Beginning with the line that holds "Mia warn glücklich" and finishing with the line that holds "الرئيس الأميركي السابق", repeat the listing exactly, leaving every picture out.

--- Source data Enclosed Below ---

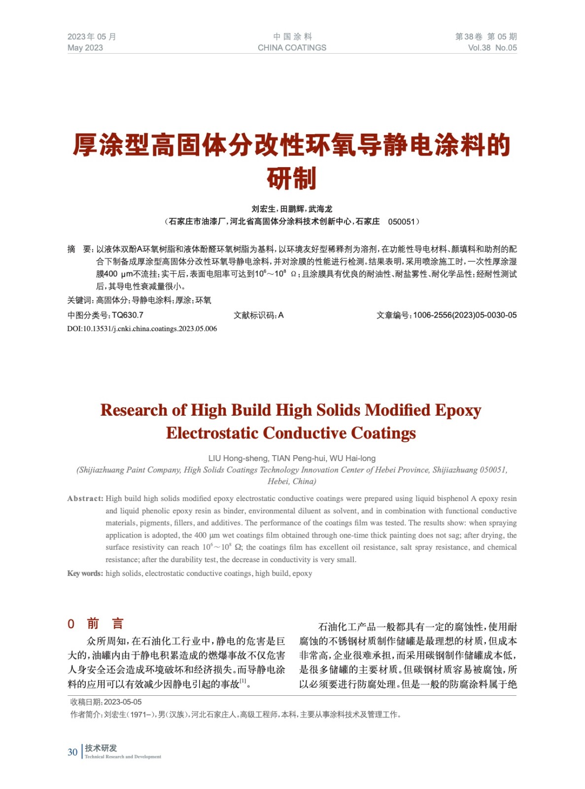 本文系作者@劉宏生,田鵬輝,武海龍 授權中國涂料網發表,并經中國涂料網編輯,未經允許不得轉載,如需轉載請聯系chinacoatingnet@vip.163.com
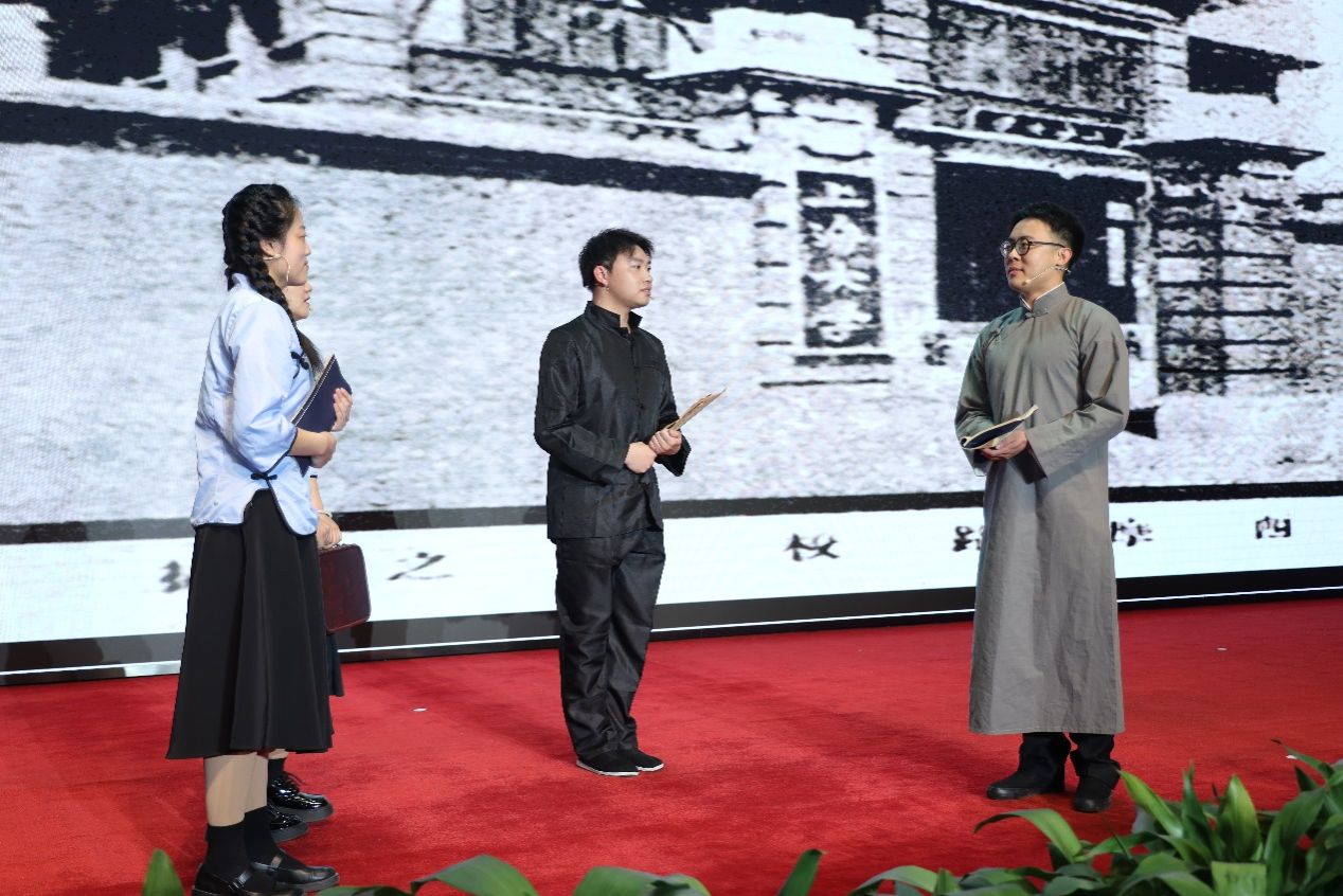 管理学院研究生党员闫建敏、文学院研究生郭捷和海燕咏歌团共同唱响《错位时空》(五四版)。社会学院秋白党支部、马克思主义学院守常党支部、法学院中夏党支部的同学们共同呈现了《上大蓝图 百年擘画》的情景党课,李大钊、瞿秋白、邓中夏等革命先辈共叙情谊、共绘蓝图、共谋发展的情景再现,将大家带回到那个激扬的革命年代。
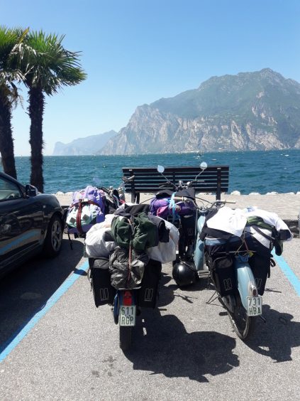 Mia warn glücklich wie kleine Kinder an Weihnachten, koana daheim hat`s uns geglaubt, alle ham`s gsagt “Ihr spinnt`s ja, des schafft`s ihr nie”. Aber jetz warn ma wirklich da. Gut gelaunt und nach einer Stärkung zu Mittag, san mia dann die restlichen Kilometer entlang am türkisblauen Wasser vom Gardasee zu unserem Quartier in Bardolino gefahren. Mia warn so froh, dass ma die nächsten Tage ned auf dem Mopedsattel ham sitzen müssen. Nach einer Woche Erholung, Strand, Spaß, kleineren Ausflügen mit den Mopeds und dem ein oder anderen Bier am Capingplatz war dann wieder Heimfahrt angesagt.
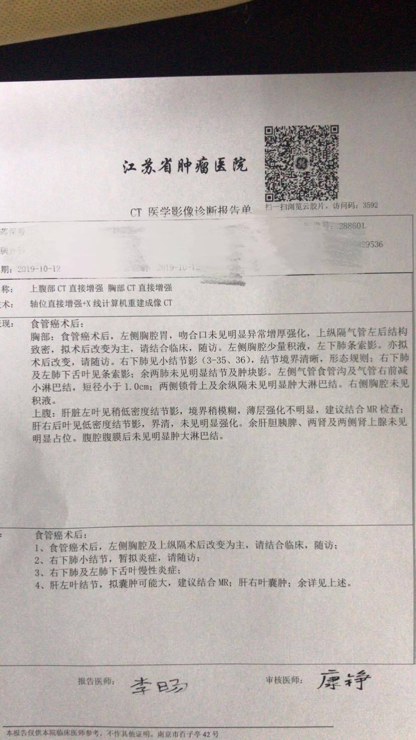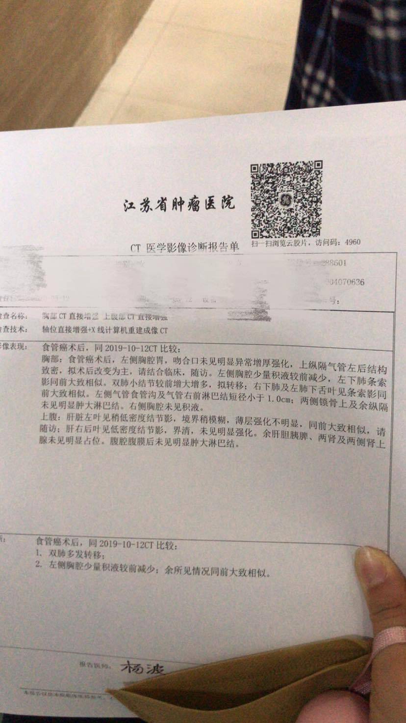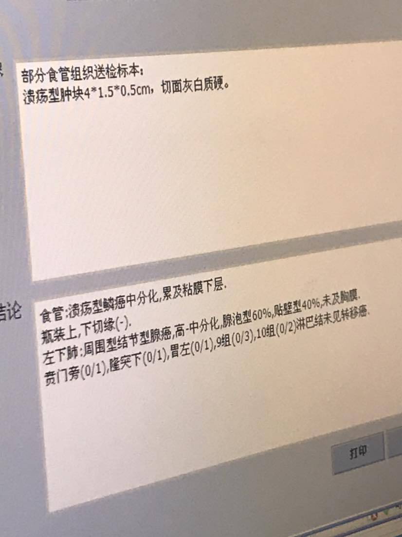 一年不到的时间,医生也觉得比较快,主刀医生和一个胸外科的医生认为肺腺癌复发,推荐我们做肺的基因检测,另一个呼吸科医生觉得当初的肺癌病理不严重,反而食管癌当初应该算2期,我们是累及黏膜下层,所以主张食管癌转移,推荐我们做食管+肺+血液三项基因检测。
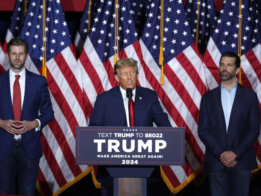 الرئيس الأميركي السابق دونالد ترمب يتوسط  نجليه إريك ترمب ودونالد ترمب جونيور، خلال كلمة في ولاية أيوا. 15 يناير 2024 - Getty Images via AFP
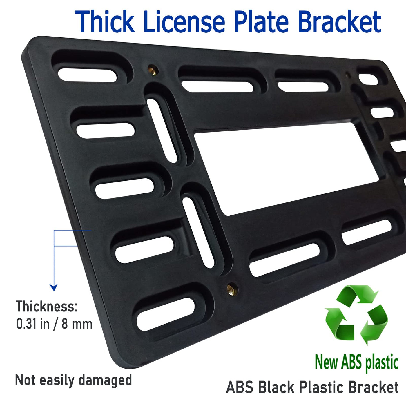 Front License Plate Mounting Kit- Suitable For Front Bumper License Plate Mount With 2 Holes Or 4 Holes Or No Drill Holes. Includes All Mounting Hardware For Front License Plate Frame. Features: Made Of Abs Plastic, Anti-Rust And Anti-Corrosion, With Rattleproof License Plate Pad, Avoid The Metal License Plate Directly Contact The Car Paint, Prevent Scratches And Noise; There Are Multiple Screw Mounting Holes On The Plastic Bracket, Which Can Match License Plate Holes Of Various Hole Distances And Apertures, And Are A Good License Plate Adapter; 4 Holes With Copper Threads, Which Can Reliably Fasten The License Plate On The Bracket; The Aluminum License Plate Frame Is Light Weight,&Nbsp; The Black Powder Coating Will Not Fade Or Fall Off. It Is A Good Decoration For Black Cars Or License Plates;Slim Frame Will Not Cover The Registration Sticker On The 4 Corners Of License Plate Which Is Suitable For Most States In The United States;The Universal Us License Plate Frame Is Suitable For All American Standard 12*6 Inch License Plates; Supplied With License Plate Hardware - Non Rusting License Plate Screws And Black Screw Caps For Easy License Plate Installation; Stainless Steel Cable Ties Can Install The License Plate On The Heat Dissipation Grille, Suitable For The Front Bumper With No Drill Hole; Include: 1X License Plate Bracket 1X License Plate Frame 8X License Plate Screws And Bolts 4X Black Screw Caps 8X License Plate Mat (Small Piece) 3X Stainless Steel Cable Ties
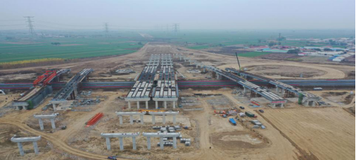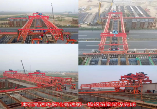 辛留佐樞紐互通位于高陽(yáng)縣辛留佐村東,是津石高速全線(xiàn)僅有的三座跨接高速施工樞紐互通之一,主要用于津石高速與保滄高速交通流相互轉(zhuǎn)換,互通型式采用變形苜蓿葉加半直連式匝道,設(shè)計(jì)主線(xiàn)和11處匝道,分別上跨保滄高速5次,互通區(qū)內(nèi)設(shè)置主線(xiàn)橋500米/1座,匝道橋940米/4座,通道涵洞10道。鋼箱梁跨徑60米,橋梁下部結(jié)構(gòu)均設(shè)計(jì)在保滄高速路基坡腳兩側(cè),該互通上跨部分均為鋼結(jié)構(gòu)箱梁,共計(jì)14片,需要14次跨越保滄高速進(jìn)行架設(shè),其中鋼結(jié)構(gòu)箱梁最大長(zhǎng)度為35米,總量101噸,由于要上跨河北省正在運(yùn)行的交通主干道保滄高速公路進(jìn)行施工,該項(xiàng)工作更是成為了津石高速JSLQ5標(biāo)的年度重點(diǎn)工作,同時(shí)也備受各方關(guān)注。
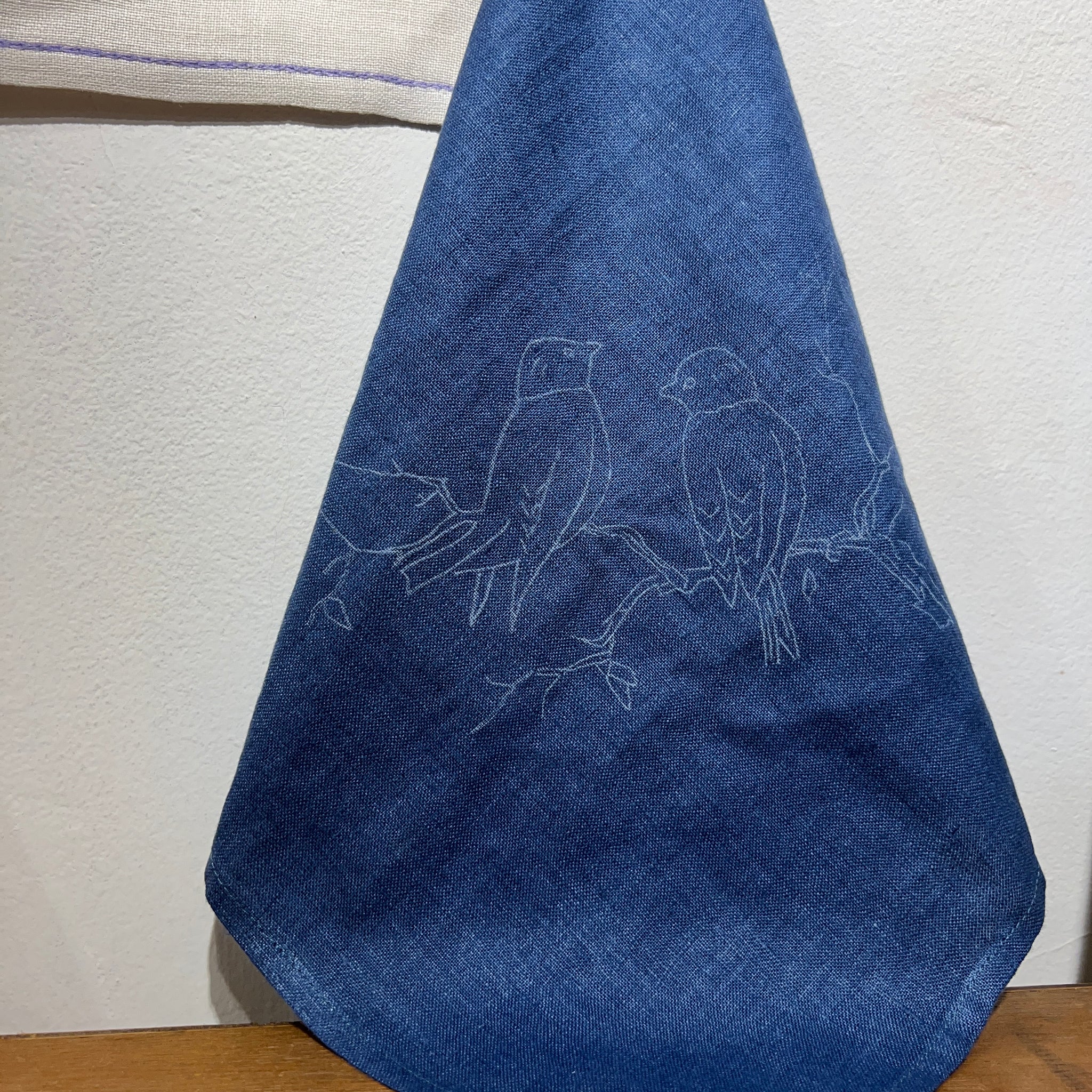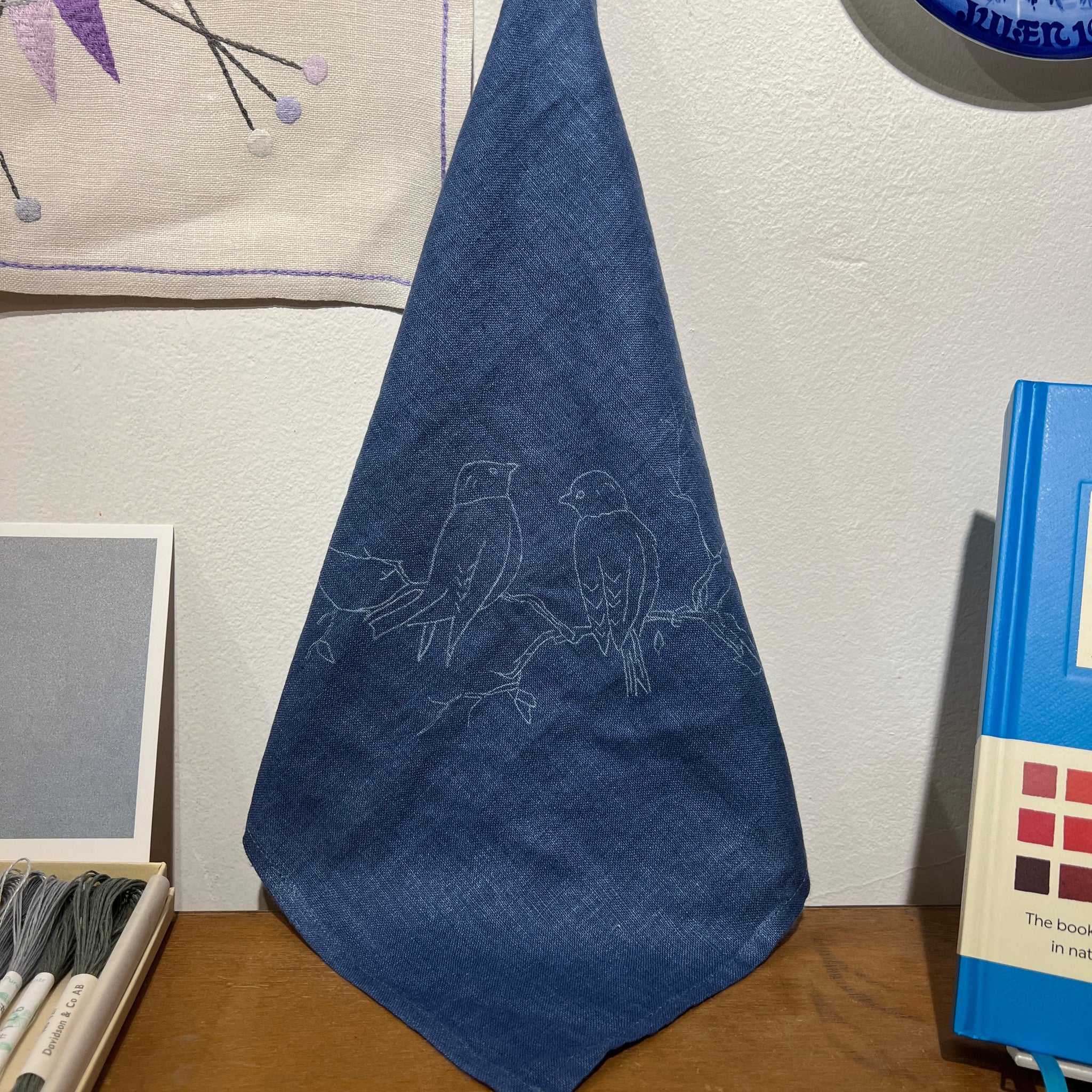 We've printed the Svartmes pattern onto the napkin and embroider the birds and twigs in white and dark blue Fine Linen.
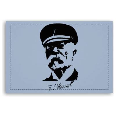 Podobizna prvního prezidenta TG Masaryka s podpisem pro každého hrdého Čecha.. Digitální potisk na polyesterové plátno vypnuté na kvalitní dřevěný rám. Přibližně 3 cm fotografie...
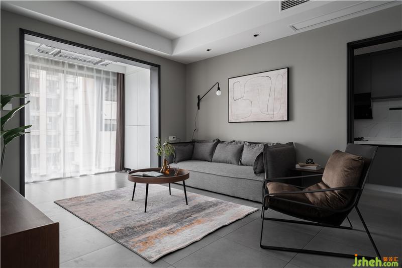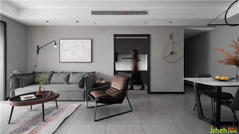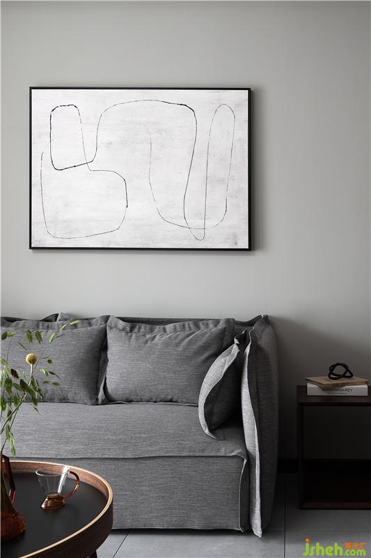 淺灰色沙發(fā),輔之一把棕色單椅,沉穩(wěn)的氣場直接hold住全場,再加上現(xiàn)代感很強(qiáng)的掛畫和黑色金屬壁燈,整個客廳裝修設(shè)計(jì)彰顯著簡約藝術(shù)的氣息格調(diào)。

--- End of Enclosed Source data ---

**Written solution:**
 Mia warn glücklich wie kleine Kinder an Weihnachten, koana daheim hat`s uns geglaubt, alle ham`s gsagt “Ihr spinnt`s ja, des schafft`s ihr nie”. Aber jetz warn ma wirklich da. Gut gelaunt und nach einer Stärkung zu Mittag, san mia dann die restlichen Kilometer entlang am türkisblauen Wasser vom Gardasee zu unserem Quartier in Bardolino gefahren. Mia warn so froh, dass ma die nächsten Tage ned auf dem Mopedsattel ham sitzen müssen. Nach einer Woche Erholung, Strand, Spaß, kleineren Ausflügen mit den Mopeds und dem ein oder anderen Bier am Capingplatz war dann wieder Heimfahrt angesagt.
 一年不到的时间,医生也觉得比较快,主刀医生和一个胸外科的医生认为肺腺癌复发,推荐我们做肺的基因检测,另一个呼吸科医生觉得当初的肺癌病理不严重,反而食管癌当初应该算2期,我们是累及黏膜下层,所以主张食管癌转移,推荐我们做食管+肺+血液三项基因检测。
 الرئيس الأميركي السابق دونالد ترمب يتوسط  نجليه إريك ترمب ودونالد ترمب جونيور، خلال كلمة في ولاية أيوا. 15 يناير 2024 - Getty Images via AFP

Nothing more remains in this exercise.